Any data that a user can manipulate is considered input data which includes for instance:

  • HTTP request headers (all), examples include:
    • Accept
    • Content-Length
  • URL:
    • Path (/api/records/123)
    • Query string ?a=1&b=2
  • Request body:
    • Binary data (e.g. files)
    • Form data, JSON, XML, ...
  • CLI args

Client-side validation

Client-side validation (e.g. using JavaScript to validate the user provided input data) is purely to improve the user experience. An attacker can always bypass the client-side validation by constructing the same HTTP request that the browser is going to send. Hence, while client-side validation improves the user experience, in no way does it replace the server-side validation of data.

General strategies

Validate at the edge

Validation should happen as early as possible, so that our code works with well-formed data.

Whitelist over blacklist

Generally, you should always whitelist instead of blacklist. Whitelisting means you define all possible input data, while blacklist just excludes values. If you forget to add a value to a whitelist, it rarely creates a vulnerability, whereas if you forget to add a value to a black list it can create a vulnerability.

Types of input data

You can basically classify input data in two broad categories:

  • Binary data (files such as images, PDFs, etc.)
  • Text data (Headers, URLs, query strings, form data, JSON, XML, ...)

Text data

Text data is usually parsed on the server-side and interpreted by the server application. Normally it is reasonably easy to validate and sanitize text data.

Binary data

Binary data is usually things like files such as images, PDFs, spreadsheets and the like. In most case it is hard to impossible to validate and sanitize binary data.

Unicode strings

When to use?

You want to accept string input from a user (e.g. a title).

Why?

So that characters disallowed in different formats are not inadvertently present. A typical example is a user that copy/pastes a title from a PDF and inadvertently copies hidden unicode characters. These characters might not be allowed in e.g. XML documents, and hence would break the DataCite XML export format.

Low-level

from marshmallow_utils.html import sanitize_unicode
sanitize_unicode(input_data)

Marshmallow

from marshmallow_utils.fields import SanitizedUnicode
class ASchema(Schema):
    afield = SanitizedUnicode()

HTML (rich text)

When to use?

You want to accept rich text input from a user (i.e. they should be able to use formatting such as bold, italics, bullet lists etc.), so that you later can render the rich-text.

Why?

So that the value can be rendered later safely without opening up the site to cross-site scripting attacks. Only allow a set of white-listed tags and escape everything else typically.

Low-level

from marshmallow_utils.html import sanitize_html
sanitize_html(input_data)

Marshmallow

from marshmallow_utils.fields import SanitizedHTML
class ASchema(Schema):
    afield = SanitizedHTML()

Could not find what you were looking for?

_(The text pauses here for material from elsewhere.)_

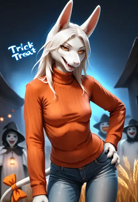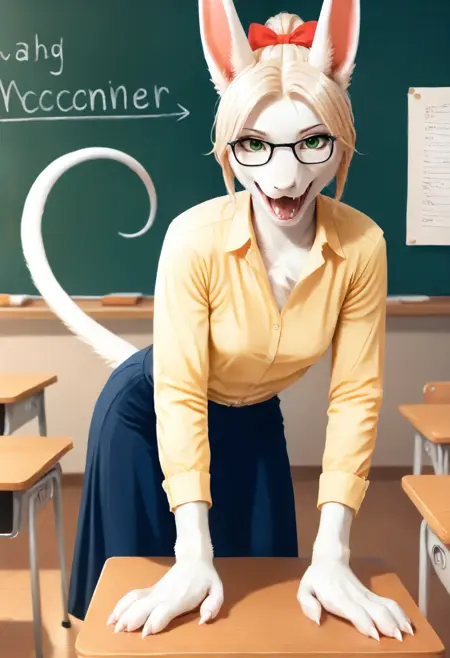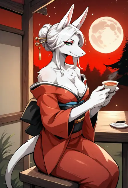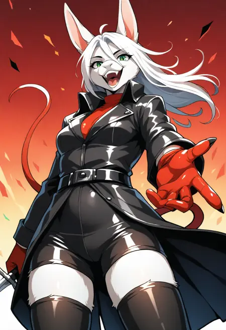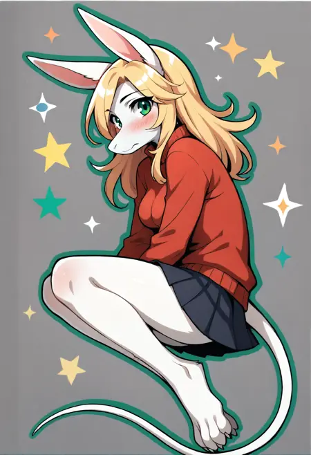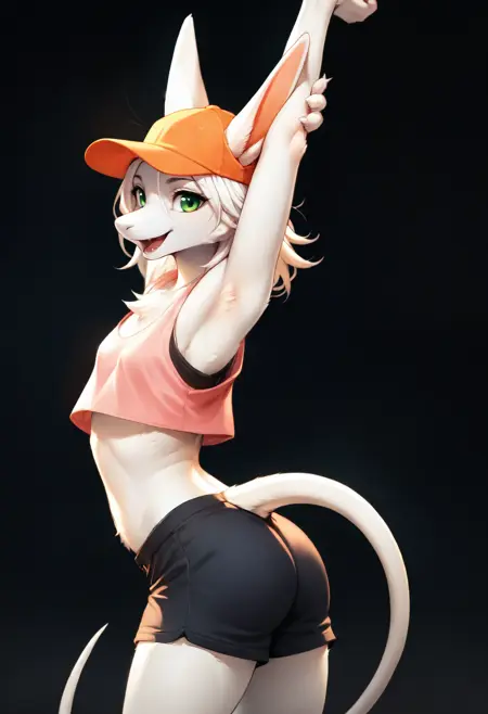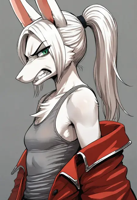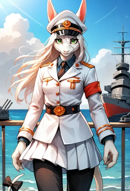 FreyaC, female, white fur, white hair, green eyes, tail,

If you didn't find the type of data you want to validate, please get in touch and we'll add an example.

What to do when you cannot validate (file upload example)?

In some cases it is either impossible or even desired to validate input data. A typical example of this is a file upload (e.g. InvenioRDM must be able to accept any file format including binary data and HTML files with possible cross-site scripting attacks).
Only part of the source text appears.